According to this interpretation of Peirce, the nature of information is the process of communicating a form from the object to the interpretant through the sign . The clarity of Peirce’s logic of signs is an underlying factor, I believe, for why we are finally seeing our way clear to how to capture, represent and relate information from a diversity of sources and viewpoints that is defensible and interoperable.
Structure is Information
Common to all of these perspectives — from patterns to nature and on to life and then animal and human communications — we see that structure is information. Human artifacts and technology, though not “messages” in a conventional sense, also embody the information of how they are built within their structures . We also see the interplay of patterns and information in many processes of the natural world  from complexity theory, to emergence, to autopoiesis, and on to autocatalysis, self-organization, stratification and cellular automata . Structure in its many guises is ubiquitous.
We, as beings who can symbolically record our perceptions, seem to innately recognize patterns. We see beauty in symmetry. Bilateral symmetry seems to be deeply ingrained in the inherent perception by humans of the likely health or fitness of other living creatures. We see beauty in the patterned, repeated variability of nature. We see beauty in the clever turn of phrase, or in music, or art, or the expressiveness of a mathematical formulation.
We also seem to recognize beauty in the simple. Seemingly complex bit streams that can be reduced to the short, algorithmic expression are always viewed as more elegant than lengthier, more complex alternatives. The simple laws of motion and Newtonian physics fit this pattern, as does Einstein’s E=mc2. This preference for the simple is a preference for the greater adaptiveness of the shorter, more universal pattern to messages, an insight indicated by Shannon’s information theory.

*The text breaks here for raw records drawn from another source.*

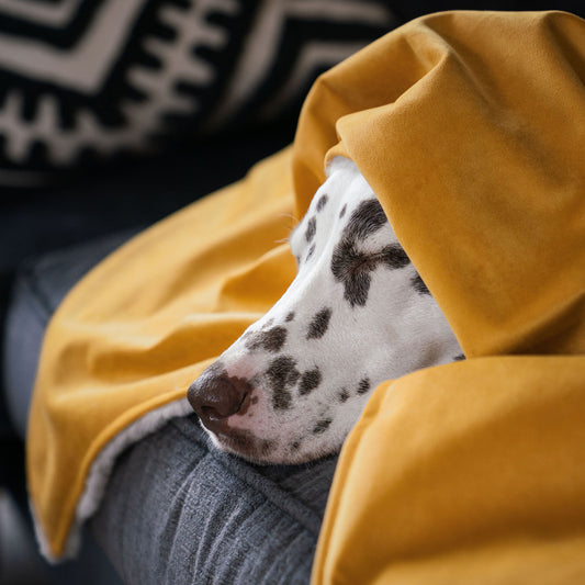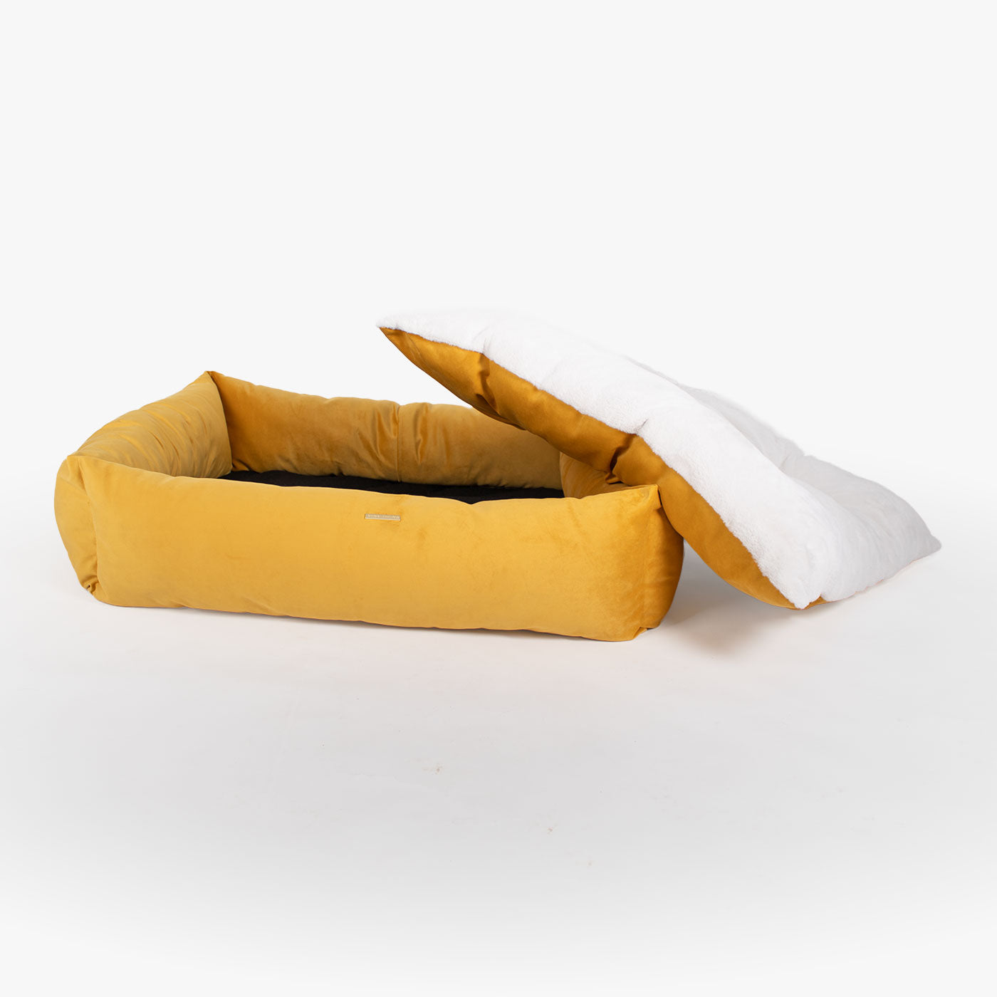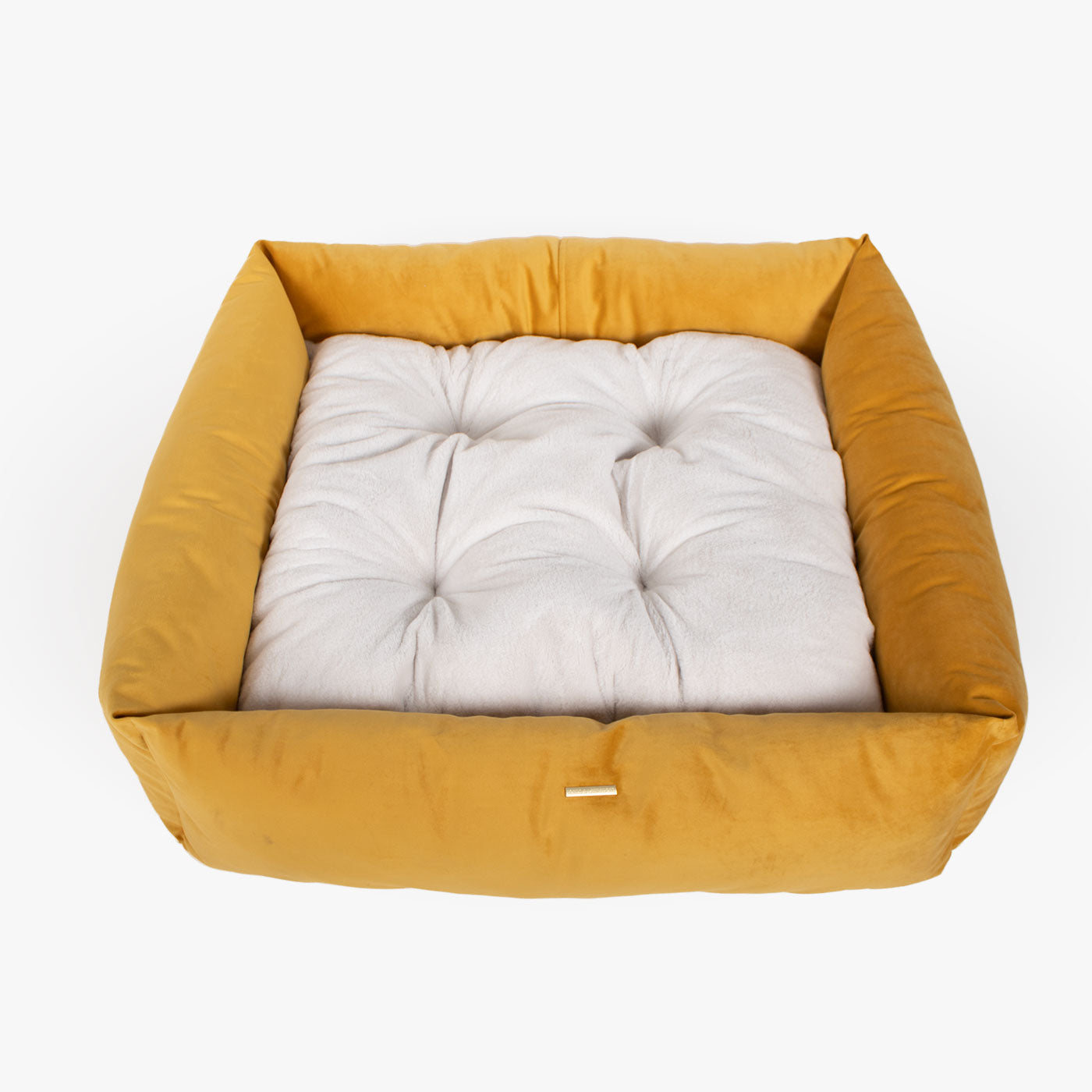 Box Bed With Removable Covers In Saffron Velvet by Lords & Labradors
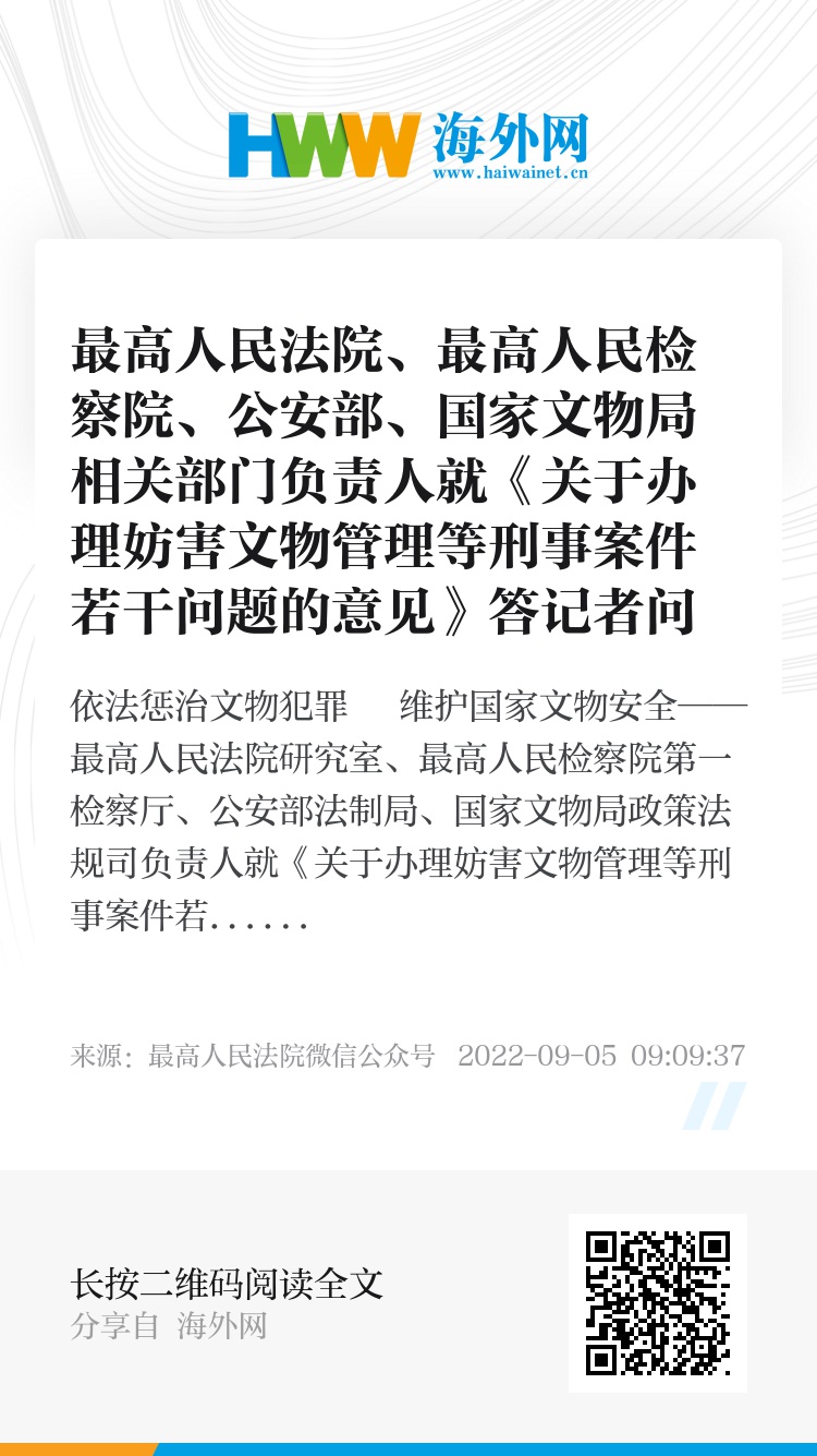 9月5日,最高人民法院、最高人民检察院、公安部、国家文物局联合发布《关于办理妨害文物管理等刑事案件若干问题的意见》(公通字〔2022〕18号,以下简称《意见》)。为便于司法实践准确理解与适用,最高人民法院研究室、最高人民检察院第一检察厅、公安部法制局、国家文物局政策法规司有关负责人接受了采访。
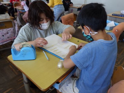 国語科「タンポポ」の学習では、タンポポの花のように見えるものは、小さな黄色い花の集まりであることが、説明文中に書かれています。子どもたちは校庭のタンポポを採ってきて、タンポポから1つ1つ花を採取し、紙の上に並べて、いくつの花が集まってできているのかを、数えました。「先生、見て見て!140個もあった!」と、嬉しそうに報告してくれました。
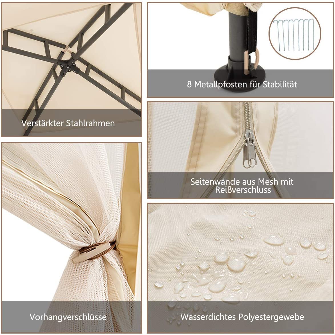 - ★ Easy to assemble and disassemble ★ The garden gazebo is easy and time-saving to assemble and disassemble, just follow the step by step instructions (English language not guaranteed). In addition, this garden gazebo can be assembled and dismantled without much effort.
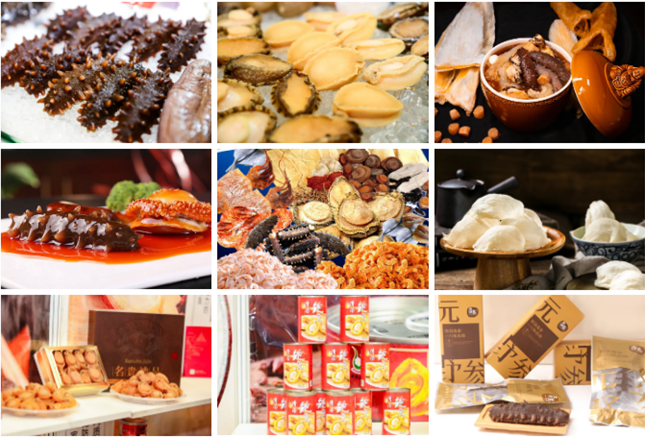 ◇ 高端滋补类食材衍生及系列产品:干贝、海马、鱼胶等干制品系列。

In the more prosaic terms of my vocation in the Web and information technology, these insights point to the importance of finding and deriving structured representations of information — including meaning (semantics) — that can be simply expressed and efficiently conveyed. Building upon the accretions of structure in human and computer languages, the semantic Web and semantic technologies offer just such a prospect. These insights provide a guidepost for how and where to look for the next structural innovations. We find them in the algorithms of nature and language, and in making connections that provide the basis for still more structure and patterned commonalities.
Ideas and algorithms around loseless compression and graph theory and network analysis are, I believe, the next fruitful hunting grounds for finding still higher-orders of structure, which can be simply expressed. The patterns of nature, which have emerged incrementally and randomly over the eons of cosmological time, look to be an excellent laboratory.
So, as we see across examples from nature and life to language and all manner of communications, information is structure and structure is information. And it is simply beautiful.